§ **HOW TO COMPLETE THIS TASK**: Take the line containing "湖南雙陽高科(岳陽)電子級雙" and every line after it to the end of the material below; reproduce them exactly, without pictures.

§ **RECORDS SHOWN**:

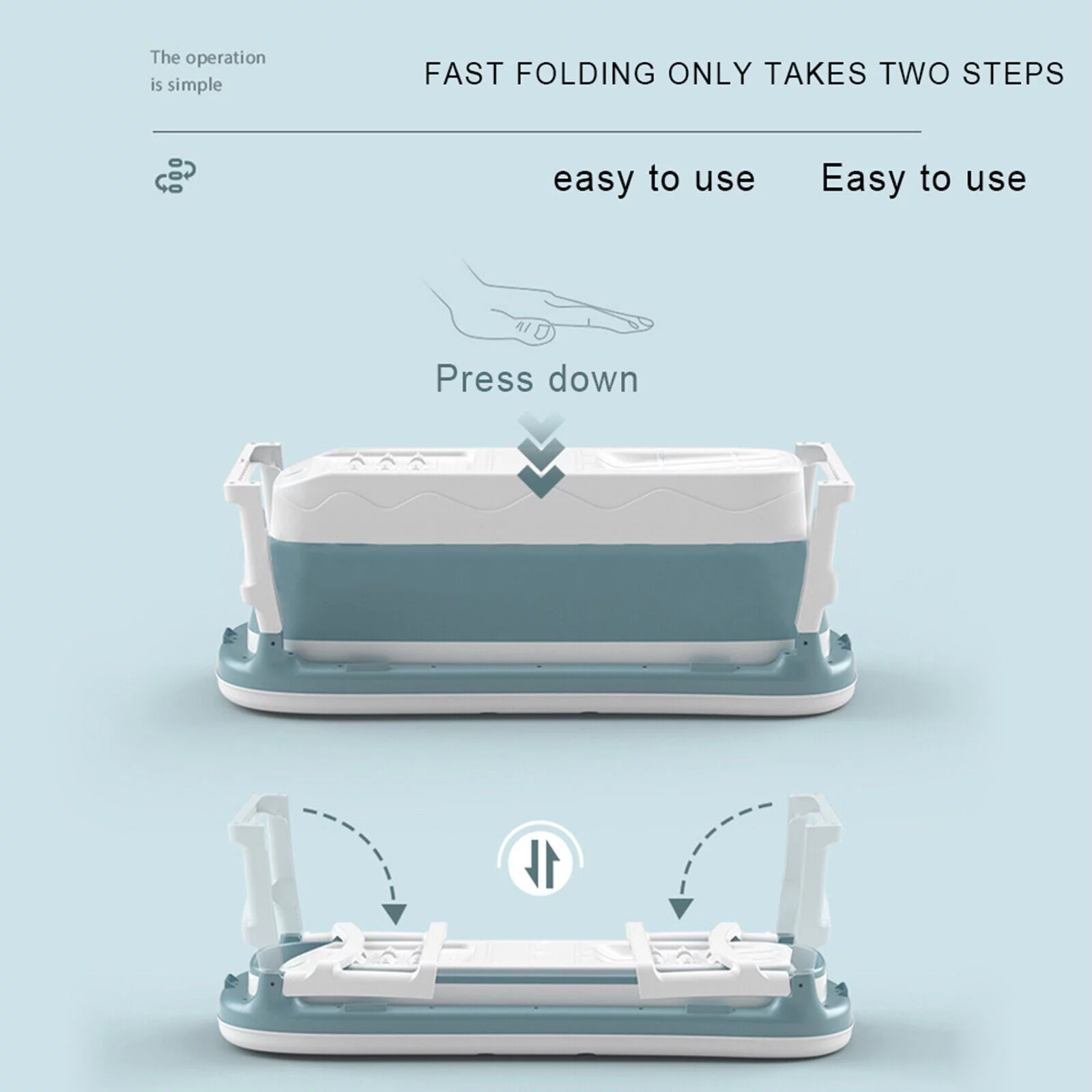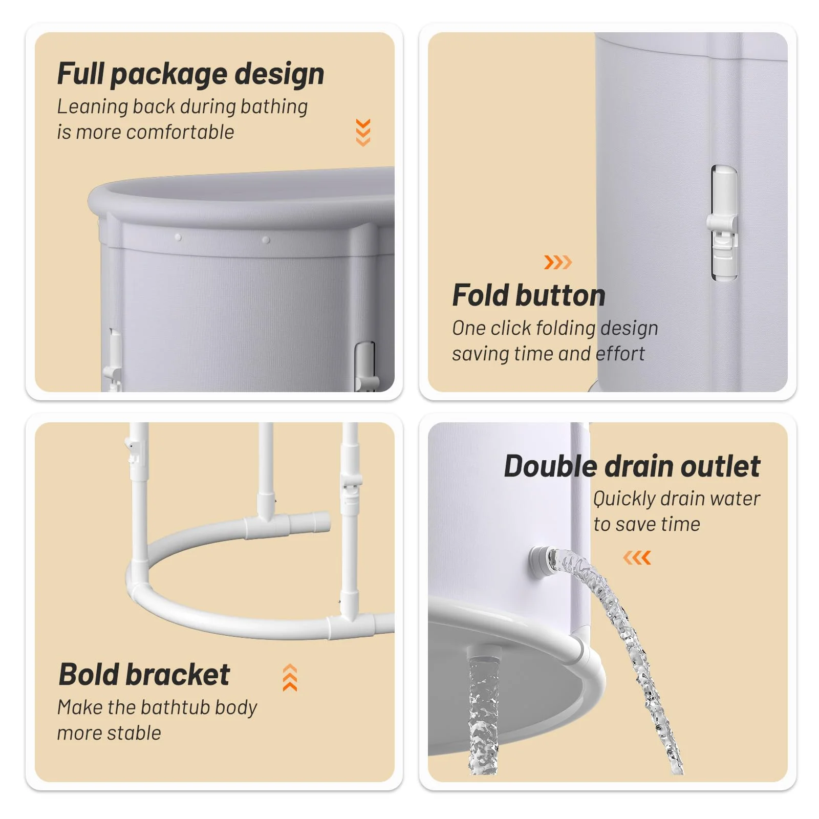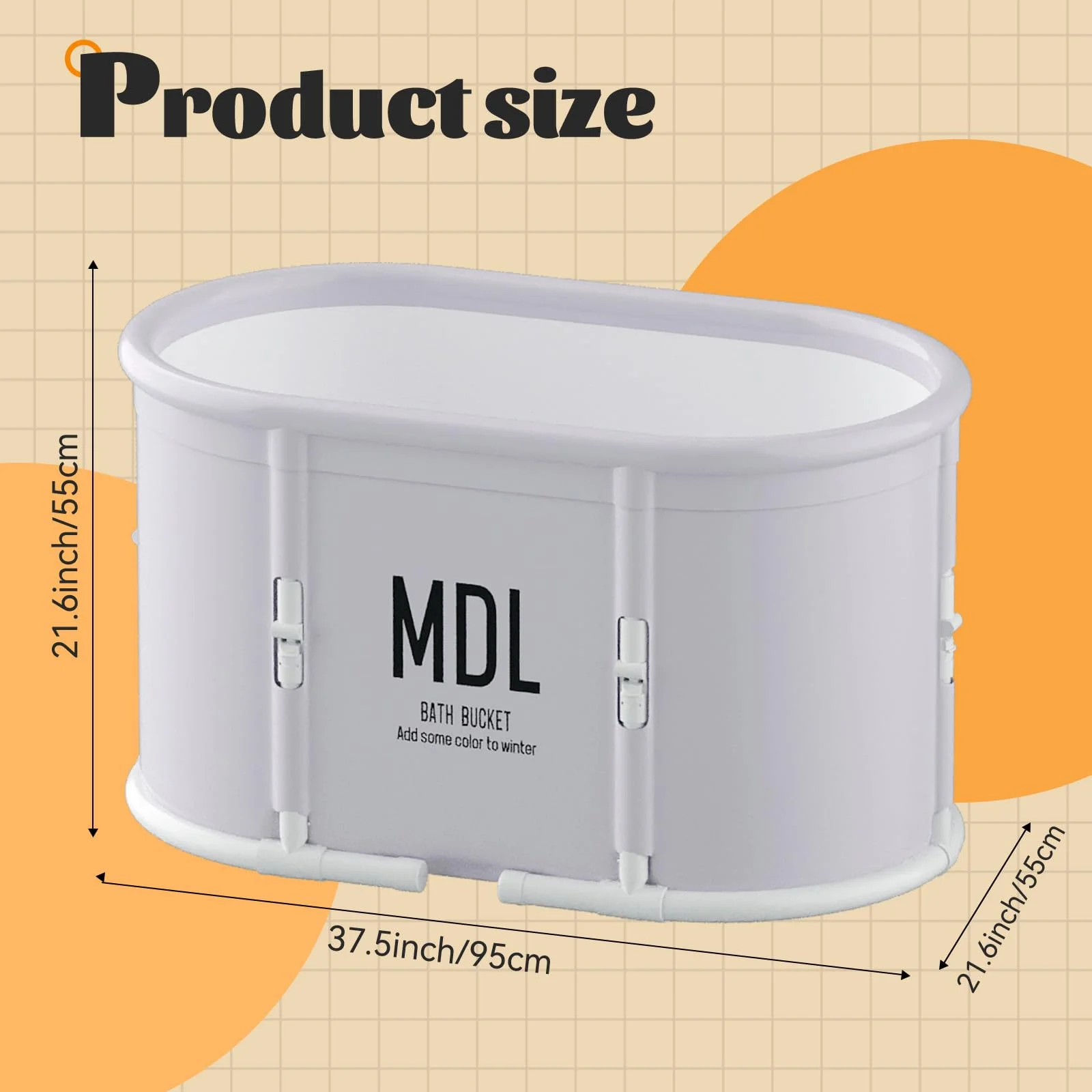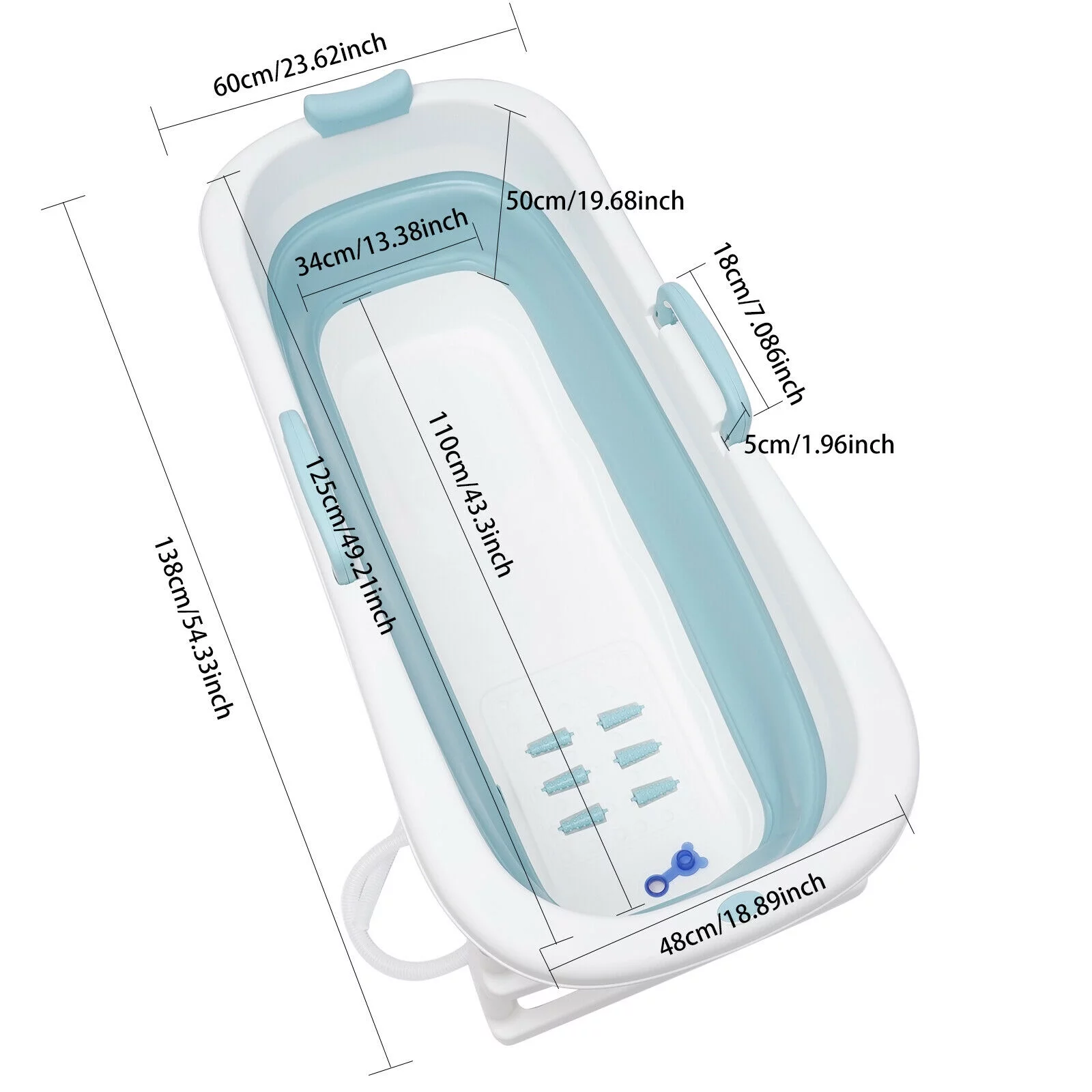 ZhdnBhnos 54'' Portable Bathtub Water Tub Folding Spa Bath Bucket Barrel Free-Standing Plastic Soaking Tub w/ Lid
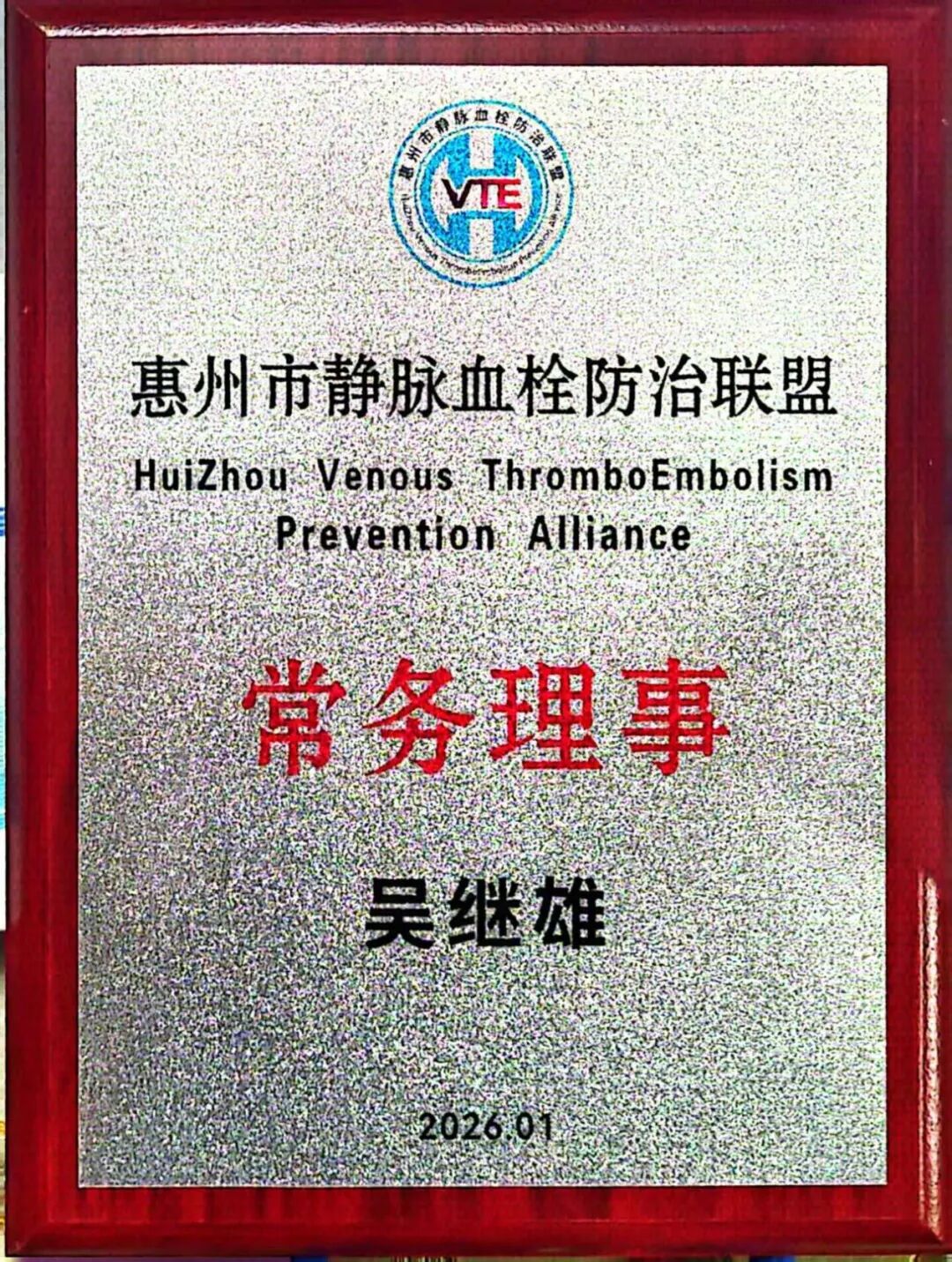 医学影像中心主任吴继雄、副主任翟建春当选惠州市静脉血栓防治联盟常务理事
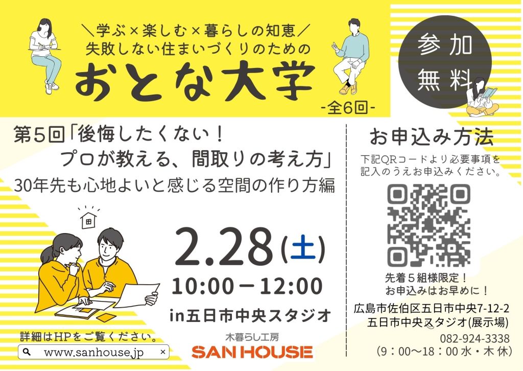 場所:木暮らし工房サンハウス 五日市中央スタジオ(広島市佐伯区五日市中央7-12-2)
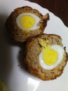 ←なんだこりゃぁ?(・_・;)肉だんごかい?ざーんねん!一応スコッチエッグです。暇なミニエナにいっぱいお手伝いしてもらって作りました。お味はまあまあかな。ミニエナは卵を茹でる。ミンチをこねる。丸めて衣をつける。盛り付けをする。の、4手順を担当。今回はカラリと揚げてみました。
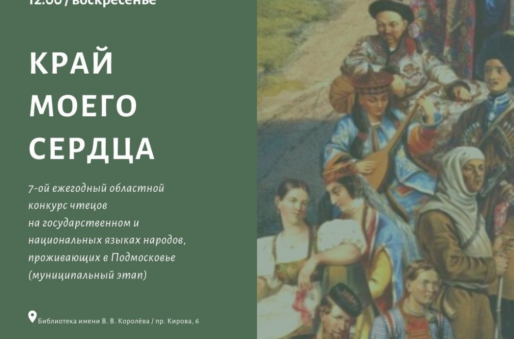 Приглашаем к участию в 7-м ежегодном областном конкурсе чтецов на государственном и национальных языках народов, проживающих в Подмосковье, «КРАЙ МОЕГО СЕРДЦА».
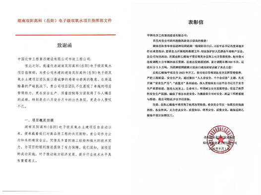 湖南雙陽高科(岳陽)電子級雙氧水項目指揮部在致謝函中表示,在雙氧水項目建設(shè)期間,面對高溫酷暑的嚴(yán)峻挑戰(zhàn),市政公司項目團(tuán)隊展現(xiàn)出卓越的項目管理能力,在安全生產(chǎn)、質(zhì)量控制、進(jìn)度管理等方面贏得了相關(guān)各方的廣泛認(rèn)可,為項目順利推進(jìn)作出了突出貢獻(xiàn),謹(jǐn)向公司和項目部全體人員表示衷心感謝。
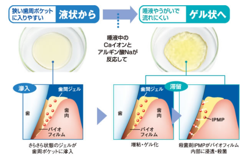 「薬用歯間ジェル」は、IPMP・CPC・フッ化物・抗炎症成分の4つの薬用成分が配合されており、むし歯や歯周病の予防に適しています。

§ **SOLUTION TO THE PROBLEM**:
 湖南雙陽高科(岳陽)電子級雙氧水項目指揮部在致謝函中表示,在雙氧水項目建設(shè)期間,面對高溫酷暑的嚴(yán)峻挑戰(zhàn),市政公司項目團(tuán)隊展現(xiàn)出卓越的項目管理能力,在安全生產(chǎn)、質(zhì)量控制、進(jìn)度管理等方面贏得了相關(guān)各方的廣泛認(rèn)可,為項目順利推進(jìn)作出了突出貢獻(xiàn),謹(jǐn)向公司和項目部全體人員表示衷心感謝。
 「薬用歯間ジェル」は、IPMP・CPC・フッ化物・抗炎症成分の4つの薬用成分が配合されており、むし歯や歯周病の予防に適しています。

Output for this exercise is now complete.